# Muscadine Wine



## tarheel2010 (May 31, 2010)

So i made a 5 gallon batch of muscadine wine (28 lbs. muscadine, 8 lbs. scuppernog) and am going to bottle tomorrow. However, since starting fermentation, I have been reading that muscadine grapes have extremely high levels of acidity. I did not do anything to the wine to lower acidity levels. Is this a problem? I'm just slightly worried about potential health risks since people are using the phrase "extremely high" in regards to acidity levels. Thanks.


----------



## Wade E (May 31, 2010)

Well at any point you can fix this as long as its not bottled and even then it can be done but would be much more work. If done before fermentation Calcium carbonate is best, if after fermenation potassium Bicarbonate is best or yoiu could cold stabilize depending on if you have the means of keeping it cold enough long enough. I dont think there is any immediate health risks due to the high aciditybut if its way out of range then it wont shelve long possibly.


----------



## grapeman (May 31, 2010)

How does the wine taste? Short of getting a TA reading, your taste buds are your best buds. If it doesn't taste like curl your hair sharp, but rather pretty good, you will be fine. You can still get a TA reading and possibly a pH reading. Those will tell you if it is apt to be too acidic.
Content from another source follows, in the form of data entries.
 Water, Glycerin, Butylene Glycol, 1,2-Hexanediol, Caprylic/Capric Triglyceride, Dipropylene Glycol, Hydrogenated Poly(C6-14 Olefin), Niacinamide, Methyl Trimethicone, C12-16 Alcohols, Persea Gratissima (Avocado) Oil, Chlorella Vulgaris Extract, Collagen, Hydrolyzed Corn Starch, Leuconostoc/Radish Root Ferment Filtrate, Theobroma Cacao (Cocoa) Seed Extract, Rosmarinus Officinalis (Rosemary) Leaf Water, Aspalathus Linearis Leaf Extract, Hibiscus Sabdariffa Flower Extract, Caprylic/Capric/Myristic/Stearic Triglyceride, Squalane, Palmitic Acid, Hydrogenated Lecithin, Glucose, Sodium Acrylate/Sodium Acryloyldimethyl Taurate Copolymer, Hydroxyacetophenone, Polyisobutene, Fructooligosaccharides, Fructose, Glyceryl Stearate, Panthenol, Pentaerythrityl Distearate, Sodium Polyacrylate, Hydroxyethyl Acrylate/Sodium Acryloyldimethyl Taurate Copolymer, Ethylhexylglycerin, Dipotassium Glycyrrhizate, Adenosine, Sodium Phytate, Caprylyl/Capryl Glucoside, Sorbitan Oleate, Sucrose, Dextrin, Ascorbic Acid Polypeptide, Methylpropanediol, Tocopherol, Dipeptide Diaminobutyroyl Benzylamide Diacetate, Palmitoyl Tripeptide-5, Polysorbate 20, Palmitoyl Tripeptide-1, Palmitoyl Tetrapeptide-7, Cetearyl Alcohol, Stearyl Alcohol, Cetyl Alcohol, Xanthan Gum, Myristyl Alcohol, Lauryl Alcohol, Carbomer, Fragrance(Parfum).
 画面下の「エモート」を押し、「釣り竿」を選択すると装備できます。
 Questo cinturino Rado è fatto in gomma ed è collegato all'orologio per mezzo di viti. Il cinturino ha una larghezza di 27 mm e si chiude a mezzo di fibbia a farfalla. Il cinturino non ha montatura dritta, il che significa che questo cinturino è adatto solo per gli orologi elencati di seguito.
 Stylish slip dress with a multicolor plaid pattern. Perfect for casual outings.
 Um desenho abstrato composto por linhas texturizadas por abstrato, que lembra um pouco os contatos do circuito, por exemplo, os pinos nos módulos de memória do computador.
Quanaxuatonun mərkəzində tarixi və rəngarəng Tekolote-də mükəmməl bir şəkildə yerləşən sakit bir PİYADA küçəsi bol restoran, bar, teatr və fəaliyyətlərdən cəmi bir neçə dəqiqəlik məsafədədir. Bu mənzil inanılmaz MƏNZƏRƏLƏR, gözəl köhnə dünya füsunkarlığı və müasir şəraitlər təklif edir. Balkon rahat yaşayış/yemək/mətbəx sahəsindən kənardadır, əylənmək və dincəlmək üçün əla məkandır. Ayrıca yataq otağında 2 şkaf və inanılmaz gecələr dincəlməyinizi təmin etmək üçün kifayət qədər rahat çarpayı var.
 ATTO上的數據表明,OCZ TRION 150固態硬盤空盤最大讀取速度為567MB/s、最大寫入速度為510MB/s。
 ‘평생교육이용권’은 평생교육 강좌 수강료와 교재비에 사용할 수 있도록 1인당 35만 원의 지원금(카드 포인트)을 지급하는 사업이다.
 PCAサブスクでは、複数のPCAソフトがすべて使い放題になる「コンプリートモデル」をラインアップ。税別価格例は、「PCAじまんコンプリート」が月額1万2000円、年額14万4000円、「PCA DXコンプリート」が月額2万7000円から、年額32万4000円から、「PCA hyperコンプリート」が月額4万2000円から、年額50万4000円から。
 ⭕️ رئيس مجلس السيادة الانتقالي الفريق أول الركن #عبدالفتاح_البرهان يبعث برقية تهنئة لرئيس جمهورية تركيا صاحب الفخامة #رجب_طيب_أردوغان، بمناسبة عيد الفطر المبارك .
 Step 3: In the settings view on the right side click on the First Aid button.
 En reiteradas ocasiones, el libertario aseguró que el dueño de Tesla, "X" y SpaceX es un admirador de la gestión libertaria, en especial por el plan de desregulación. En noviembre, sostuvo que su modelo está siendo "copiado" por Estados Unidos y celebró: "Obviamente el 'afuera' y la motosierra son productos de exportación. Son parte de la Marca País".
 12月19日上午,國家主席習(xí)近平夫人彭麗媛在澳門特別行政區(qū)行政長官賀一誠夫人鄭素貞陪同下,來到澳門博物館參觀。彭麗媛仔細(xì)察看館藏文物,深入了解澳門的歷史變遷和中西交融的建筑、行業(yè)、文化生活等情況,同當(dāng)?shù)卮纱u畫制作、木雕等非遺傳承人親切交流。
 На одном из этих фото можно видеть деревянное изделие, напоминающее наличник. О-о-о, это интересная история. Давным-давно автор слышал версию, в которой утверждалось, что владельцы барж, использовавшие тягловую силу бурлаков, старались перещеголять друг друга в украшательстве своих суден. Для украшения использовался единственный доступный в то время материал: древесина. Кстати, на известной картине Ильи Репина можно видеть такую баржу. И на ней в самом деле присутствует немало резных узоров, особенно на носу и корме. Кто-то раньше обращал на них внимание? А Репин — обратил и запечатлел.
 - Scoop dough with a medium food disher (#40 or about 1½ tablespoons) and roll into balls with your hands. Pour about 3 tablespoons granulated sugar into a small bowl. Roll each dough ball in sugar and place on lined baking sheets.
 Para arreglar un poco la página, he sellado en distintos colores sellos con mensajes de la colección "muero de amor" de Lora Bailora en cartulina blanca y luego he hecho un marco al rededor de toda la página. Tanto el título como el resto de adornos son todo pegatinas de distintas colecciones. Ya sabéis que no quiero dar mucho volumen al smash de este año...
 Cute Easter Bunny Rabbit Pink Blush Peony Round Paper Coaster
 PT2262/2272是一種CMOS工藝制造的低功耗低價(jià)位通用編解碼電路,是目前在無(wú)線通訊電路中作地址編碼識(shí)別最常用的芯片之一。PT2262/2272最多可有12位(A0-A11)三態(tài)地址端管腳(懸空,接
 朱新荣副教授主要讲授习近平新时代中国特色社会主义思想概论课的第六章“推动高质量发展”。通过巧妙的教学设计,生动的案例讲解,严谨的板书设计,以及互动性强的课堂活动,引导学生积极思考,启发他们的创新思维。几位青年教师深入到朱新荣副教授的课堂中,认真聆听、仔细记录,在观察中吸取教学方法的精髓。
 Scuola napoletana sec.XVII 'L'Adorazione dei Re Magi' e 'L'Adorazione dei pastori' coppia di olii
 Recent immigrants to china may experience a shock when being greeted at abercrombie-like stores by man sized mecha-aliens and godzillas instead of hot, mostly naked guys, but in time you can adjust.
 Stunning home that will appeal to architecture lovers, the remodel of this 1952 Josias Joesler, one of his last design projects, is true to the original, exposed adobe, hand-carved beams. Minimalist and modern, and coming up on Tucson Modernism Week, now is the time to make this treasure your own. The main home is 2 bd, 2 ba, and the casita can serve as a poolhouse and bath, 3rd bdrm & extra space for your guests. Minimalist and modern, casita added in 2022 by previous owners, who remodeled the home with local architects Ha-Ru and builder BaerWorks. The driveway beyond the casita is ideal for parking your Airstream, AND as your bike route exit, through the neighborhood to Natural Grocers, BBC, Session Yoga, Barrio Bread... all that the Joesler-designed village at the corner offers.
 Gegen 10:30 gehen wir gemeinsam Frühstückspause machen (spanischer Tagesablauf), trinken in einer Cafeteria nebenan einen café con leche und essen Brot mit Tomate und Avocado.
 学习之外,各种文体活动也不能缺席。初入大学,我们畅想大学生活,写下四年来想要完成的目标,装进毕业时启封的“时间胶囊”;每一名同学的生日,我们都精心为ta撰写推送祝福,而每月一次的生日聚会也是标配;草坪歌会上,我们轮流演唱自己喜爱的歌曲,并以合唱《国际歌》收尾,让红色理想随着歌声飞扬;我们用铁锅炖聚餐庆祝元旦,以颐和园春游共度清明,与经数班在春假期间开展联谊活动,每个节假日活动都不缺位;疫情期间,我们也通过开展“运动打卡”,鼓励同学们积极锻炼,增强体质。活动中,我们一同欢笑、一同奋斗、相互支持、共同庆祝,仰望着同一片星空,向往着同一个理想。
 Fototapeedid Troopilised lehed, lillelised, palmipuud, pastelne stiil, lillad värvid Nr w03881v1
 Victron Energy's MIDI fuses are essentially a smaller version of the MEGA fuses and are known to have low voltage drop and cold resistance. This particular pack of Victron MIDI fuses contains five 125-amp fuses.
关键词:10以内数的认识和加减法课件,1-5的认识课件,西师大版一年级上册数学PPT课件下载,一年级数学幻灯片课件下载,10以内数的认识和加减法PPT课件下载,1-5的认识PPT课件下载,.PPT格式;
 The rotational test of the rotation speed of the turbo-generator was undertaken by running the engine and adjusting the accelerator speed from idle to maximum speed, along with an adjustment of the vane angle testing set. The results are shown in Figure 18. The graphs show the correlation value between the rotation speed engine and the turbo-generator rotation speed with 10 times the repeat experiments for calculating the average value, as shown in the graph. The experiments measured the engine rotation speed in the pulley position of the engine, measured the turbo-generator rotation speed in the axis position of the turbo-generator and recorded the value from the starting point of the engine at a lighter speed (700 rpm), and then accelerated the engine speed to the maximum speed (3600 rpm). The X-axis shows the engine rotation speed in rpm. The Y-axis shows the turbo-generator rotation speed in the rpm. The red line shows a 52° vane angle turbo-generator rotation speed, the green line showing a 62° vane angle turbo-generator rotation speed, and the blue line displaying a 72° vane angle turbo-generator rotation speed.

If it is too acidic now, cold stabilizing and potassium bicarb as Wade said will help, just don't try to use a lot of the pot bi-carb or it can leave a salty aftertaste.


----------



## lloyd (May 31, 2010)

I made some apple wine from the green apples it was very high in acid but fermented well and did not seem to be too sour after I sweetened it at the end of fermentation I was worried that it would re-ferment but it"s Alcohol content at 15% seemed to prevent that also filtered with vinjet and added 6 camden tabs to 5 gal.


----------



## JohnT (Jun 2, 2010)

I would invest $7 in a simple acid test kit. Know for certian what you acid levels are. You can then adjust accordingly.


----------



## RoseyRed (Jun 4, 2010)

JohnT said:


> I would invest $7 in a simple acid test kit. Know for certian what you acid levels are. You can then adjust accordingly.



I actually have a friend who does just that with the wine that she purchases. She, herself, isn't a wine maker but a wine aficionado who prefers her wine to be incredibly smooth and of a low acidity. I think buying the acid test kit is probably the most accurate and efficient way to tell if you're doing the right thing. Unfortunately, I'm new to the process so I can't tell you how to fix it. Ouch. lol.


----------



## Rock (Jun 4, 2010)

RoseyRed said:


> I actually have a friend who does just that with the wine that she purchases. She, herself, isn't a wine maker but a wine aficionado who prefers her wine to be incredibly smooth and of a low acidity. I think buying the acid test kit is probably the most accurate and efficient way to tell if you're doing the right thing. Unfortunately, I'm new to the process so I can't tell you how to fix it. Ouch. lol.



The most accurate way is using a ph meter to do an acid test.


----------



## PPBart (Jul 2, 2010)

tarheel2010 said:


> So i made a 5 gallon batch of muscadine wine (28 lbs. muscadine, 8 lbs. scuppernog) and am going to bottle tomorrow.



Did you follow a specific recipe? I make muscadine almost every year and I'm always interested in refining my recipes.

And I agree with others who recommend testing acid level (!)


----------